[Items listed in a dataset]
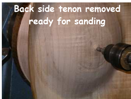
Back side tenon removed ready for sanding
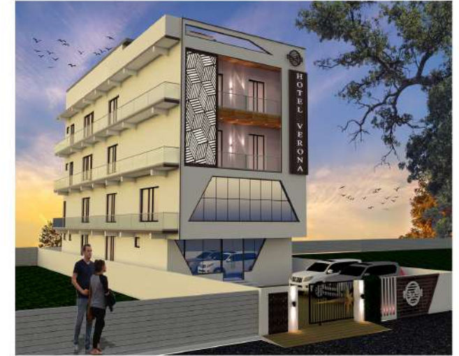
4 Star category hotel Canopy Green's, near Shivalik International School, Saharanpur road, Dehradun.
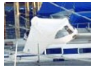
Roll Size: 84.5" x 32.81yds

Colors: White, Tan, Ivory Blue, Navy & Gray
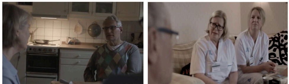
Fig 2. Screenshots from the video clips showing home visits by three different health professions—An occupational therapist on the left and a family physician and district nurse on the right.

The students provided feedback about their perceptions from working with the VP model both in the interviews and in the questionnaire. The answers in the questionnaire showed that
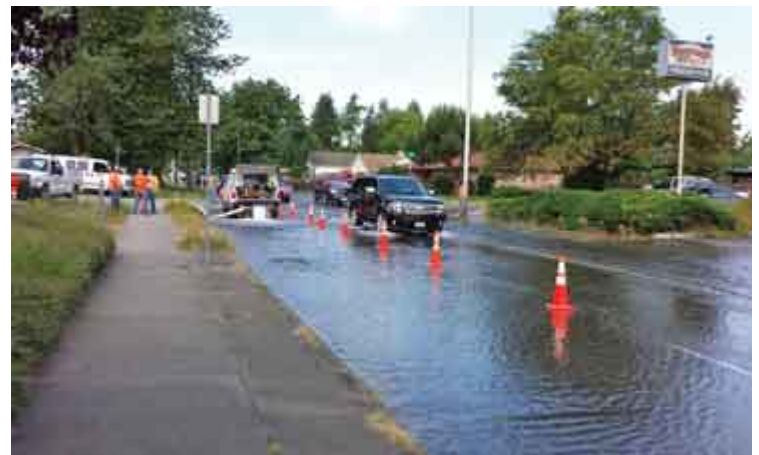
Limited stormwater conveyance and subsequent ponding may require traffic control beyond that required for operator safety.
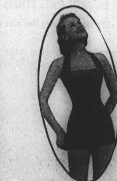
Figure-following draped sheath. Black, coral, blue latex; rhinestones. 32-38. $5.88

savings so special you'll want two! SAVE $3! TOP MAKER LASTEX SWIM SUITS
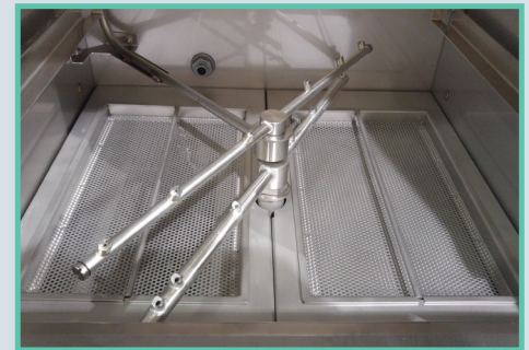
Interchangeable Scrap Baskets
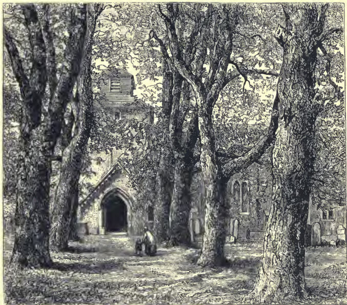
AN ENGLISH COUNTRY CHURCH. WOTTON, SURREY.
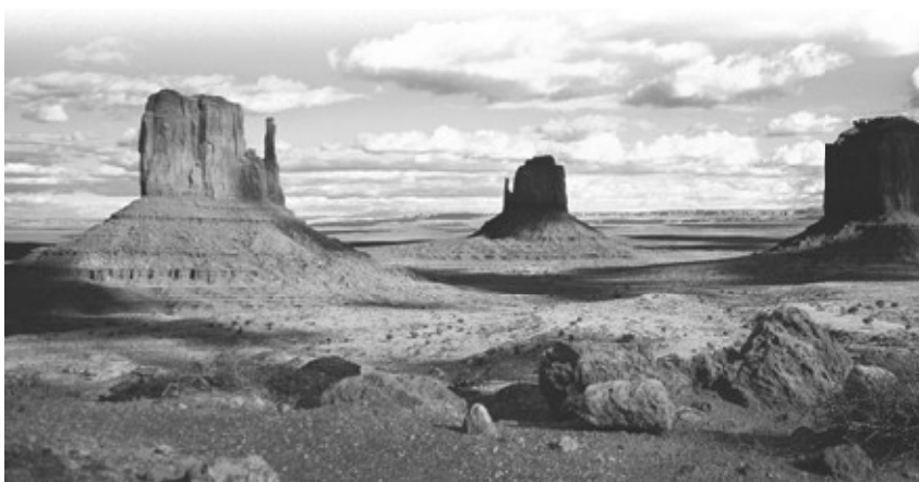
These “monuments” in Monument Valley, Arizona, formed as sedimentary rock eroded over millions of years.

Sediment is deposited in layers. Therefore, most sedimentary rocks contain layers called strata (singular, stratum ).
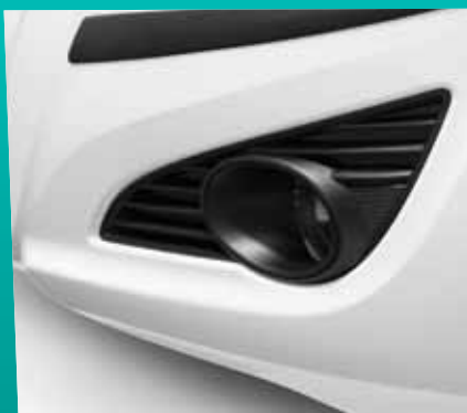
FOG LAMP SET (SUITABLE FOR S22)
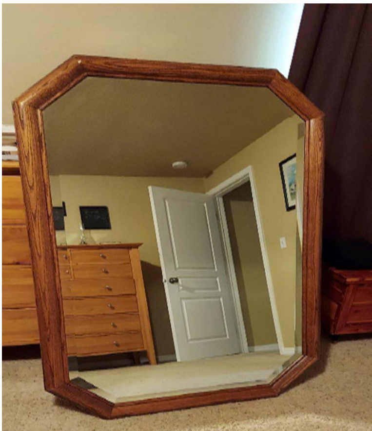
$100 OBO - Oak Beveled Mirror Comes with European Secure Mounting Bracket. Measures 35"x55" TEXT: 509-551-5058
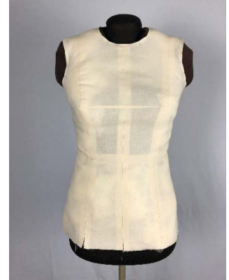
Step 18: To finish the moulage, you can add panels over the armholes (I sewed a brown fabric over mine to hide the stuffing layers). Now you're finished! YAY! You have a dress form that is perfect for your body. Great work! :)
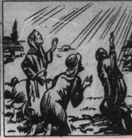
"Seek ye Jehovah, all ye meek of the earth, that have kept His ordinances: it may be ye will be hid in the day of Jehovah's anger."
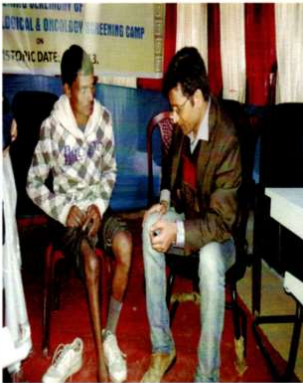
Doctors of North Bengal examine the patients of Jamshedpur, Jharkhand.
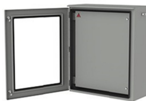
Single Enclosure with Internal Door
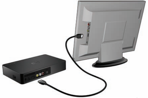
HDMI ® HIGH-DEFINITION MULTIMEDIA INTERFACE (sold separately)
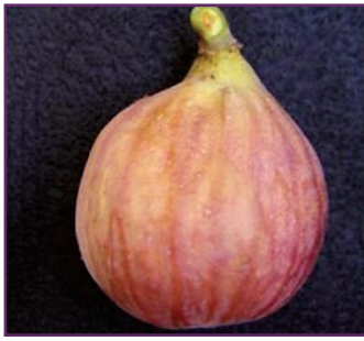
Figure 6. 'Blue Giant'
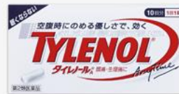
TYLENOL® A Pain Reliever/Fever Reducer
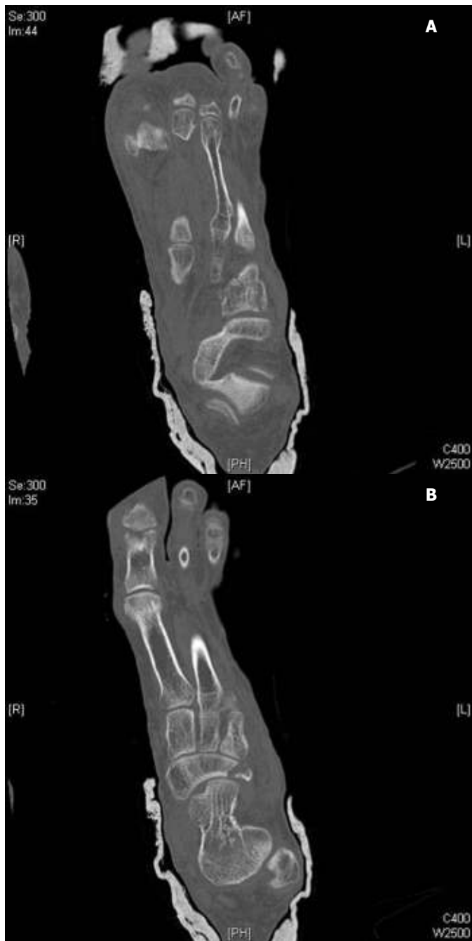
Figure 3A and 3B Axial computed tomography (CT) showing the cuboid fracture. (A) Axial CT showing the navicular fracture and the talar head impaction fracture. Post initial closed reduction. (B)

He reports no pain or disability to the joint complex with ambulation at the latest follow-up. At his latest scheduled appointment, five months after the initial injury, the patient did not return for follow-up and was not able to be contacted for further evaluation. No evidence of avascular necrosis or delayed healing has been appreciated to date.
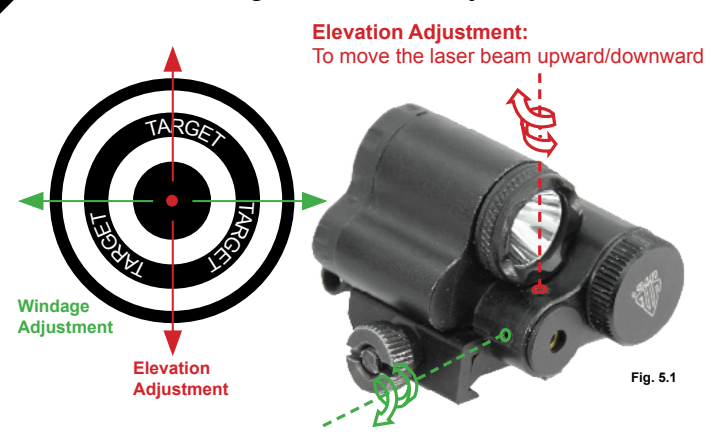
Windage Adjustment: To move the laser beam left/right
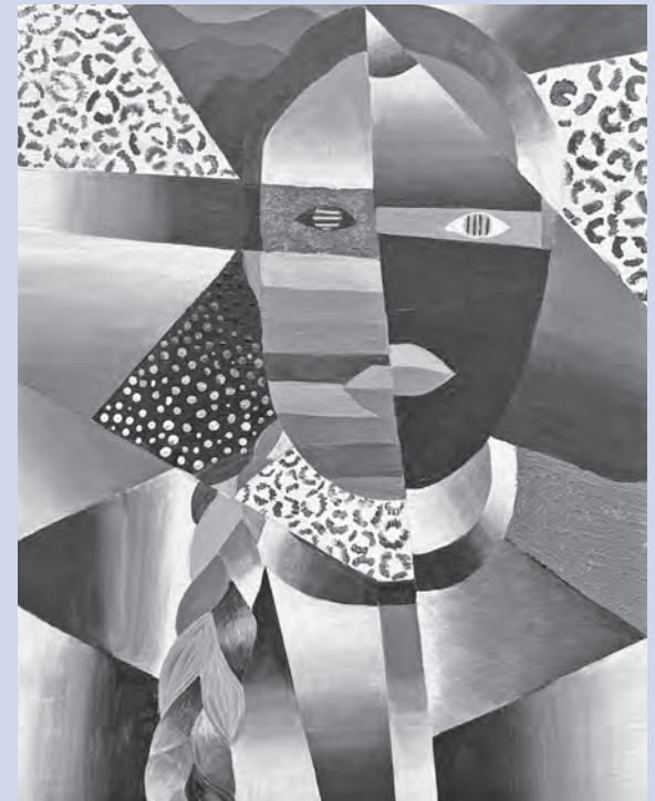
Alayna Schwinn, Grade 10
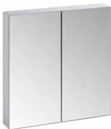
Observe Cabinet with Double Mirror Door Gloss White 600(w) x 650(h) x 115(d)mm

- **Action item**
Copy exactly the lines of the entries above from the one containing "4 Star category" through the one containing "Single Enclosure with Internal Door". Both end lines count; pictures do not.

- **Reply**
4 Star category hotel Canopy Green's, near Shivalik International School, Saharanpur road, Dehradun.
Roll Size: 84.5" x 32.81yds

Colors: White, Tan, Ivory Blue, Navy & Gray
Fig 2. Screenshots from the video clips showing home visits by three different health professions—An occupational therapist on the left and a family physician and district nurse on the right.

The students provided feedback about their perceptions from working with the VP model both in the interviews and in the questionnaire. The answers in the questionnaire showed that
Limited stormwater conveyance and subsequent ponding may require traffic control beyond that required for operator safety.
Figure-following draped sheath. Black, coral, blue latex; rhinestones. 32-38. $5.88

savings so special you'll want two! SAVE $3! TOP MAKER LASTEX SWIM SUITS
Interchangeable Scrap Baskets
AN ENGLISH COUNTRY CHURCH. WOTTON, SURREY.
These “monuments” in Monument Valley, Arizona, formed as sedimentary rock eroded over millions of years.

Sediment is deposited in layers. Therefore, most sedimentary rocks contain layers called strata (singular, stratum ).
FOG LAMP SET (SUITABLE FOR S22)
$100 OBO - Oak Beveled Mirror Comes with European Secure Mounting Bracket. Measures 35"x55" TEXT: 509-551-5058
Step 18: To finish the moulage, you can add panels over the armholes (I sewed a brown fabric over mine to hide the stuffing layers). Now you're finished! YAY! You have a dress form that is perfect for your body. Great work! :)
"Seek ye Jehovah, all ye meek of the earth, that have kept His ordinances: it may be ye will be hid in the day of Jehovah's anger."
Doctors of North Bengal examine the patients of Jamshedpur, Jharkhand.
Single Enclosure with Internal Door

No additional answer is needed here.